The environment consists of the states, actions, and rewards of the system.  In the Nim learning model, the environment of the game can be visualized as a 3 x 11 board.  The 3 represents the three possible piles to choose from and the 11 represents $s_{t}$ + 1.  The variable, $s_{t}$ represents the the max number items per pile (which in our example is 10).  We are adding a 1 for if a pile has 0 items. The states are all of the possible choices from the board.  For example, one state would be a player removing 2 items from pile 3 (state = (3,2)).  Because the model has a finite number of states, the model also has a finite number of possible actions.
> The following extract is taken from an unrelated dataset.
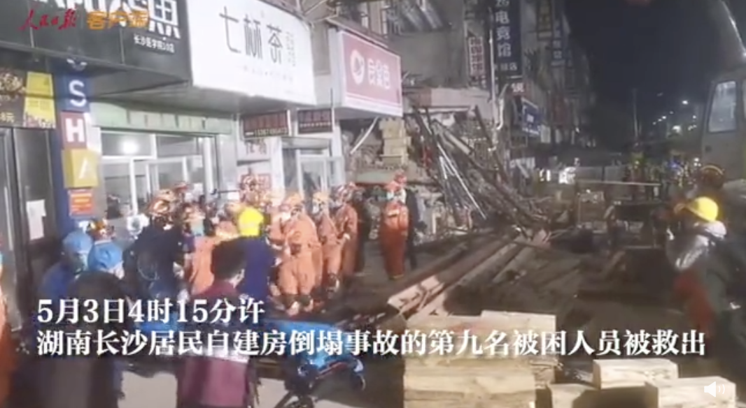 5月1日,湖南长沙居民自建房倒塌事故现场救出第七名被困人员。新华社记者 陈振海 摄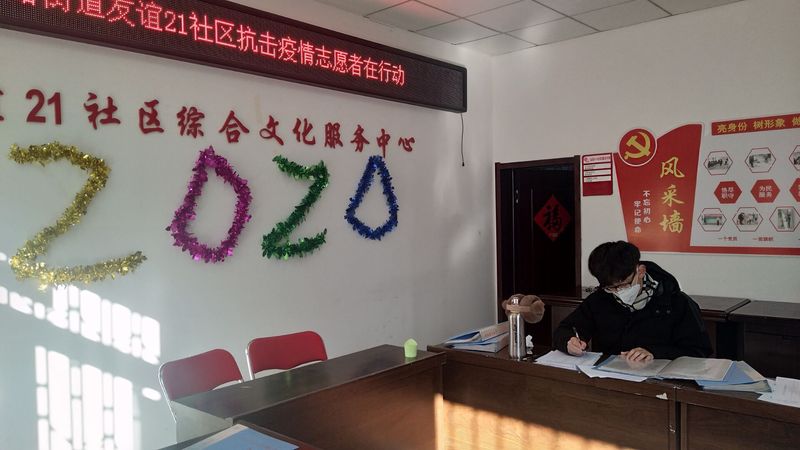 材料物理专业2018级大学生党员刘雨淳参加所在社区疫情防控志愿工作,每天在包头市昆都仑区友谊二十一社区服务中心协助工作人员开展新型冠状病毒疫情排查,进行电话信访,每天工作7小时以上。

The states and rewards are inputs of the Q-learning agent and the actions are the output. A further description of the rewards, states, and actions are stated in the other problems below.

***

## Problem 2

*Describe the agent in the Nim learning model.*

The goal of the agent in the Nim learning model is to determine the optimal method of removing items from the pile so that the last pile is cleared.  In this model, the agent can only remove items from the pile and can take anything from 1 item up to the amount of items left in the pile.  Also, the agent can only take items from the same pile in one turn.  The agent learns about the environment by updating the Q values and wants to identify the highest quality action in any given state. The Q-values estimate how much additional reward we can expect to accumulate through all the remaining steps in the episode if the agent is in a state and takes a certain action.  As the agent learns, it will always choose the action with the largest Q-value.  

***

## Problem 3

*Describe the reward and penalty in the Nim learning model.*

In the current Nim learning model, a reward of 100 is only given for the move that wins the game.  There isn't a penalty for losing the game.  Equation 3 from the module 9 notebook helps find the optimal policy for maximizing the expected value of the total reward.  The discount factor, gamma, prevents the total reward from going to infinity and since it is set at 0.80, it helps give higher weight to moves that give future rewards.  The alpha, or learning rate, determines how much of the new learned value would be used and is set at 1 which gives higher weight to recent rewards. In the model, the alpha is set to one since every winning state must be learned.

***

## Problem 4

*How many possible states there could be in the Nim game with a maximum of 10 items per pile and 3 piles total?*

To determine the number of possible states, we would find the product of the number of states per pile.  As stated in problem 1, each pile has a 11 states becauase we have 10 as the max items per pile plus 1 for if the the pile has 0 items remaining.  Therefore, in our Nim game, the possible states would be the following if we have 3 states:

(10 + 1) + (10 + 1) + (10 + 1) = 11 * 11 * 11 = $11^{3}$ = 1331 total possible states.



***

## Problem 5

*How many possible actions there could be in the Nim game with 10 items per pile and 3 piles total?*

In the Nim game, the agent can only remove items from the piles.  Therefore, to determine the possible actions in the Nim game with 10 items per pile and 3 piles, we would find the sum of the number of possible items per every pile.  For our example, the total possible actions would be:

10 + 10 + 10 = 30 total possible actions.

***

## Problem 6

*Find a way to improve the provided Nim game learning model. Do you think one can beat the Guru player? (Hint: How about penalizing the losses? Hint: It is indeed possible to find a better solution, which improves the way Q-learning updates its Q-table).*

In [1]:
#using code from Module 9 notebook

import numpy as np
from random import randint, choice

# The number of piles is 3

#number of games/episodes
n_episodes = 10000

# max number of items per pile
ITEMS_MX = 10

# Initialize starting position
def init_game():
    return [randint(1,ITEMS_MX), randint(1,ITEMS_MX), randint(1,ITEMS_MX)]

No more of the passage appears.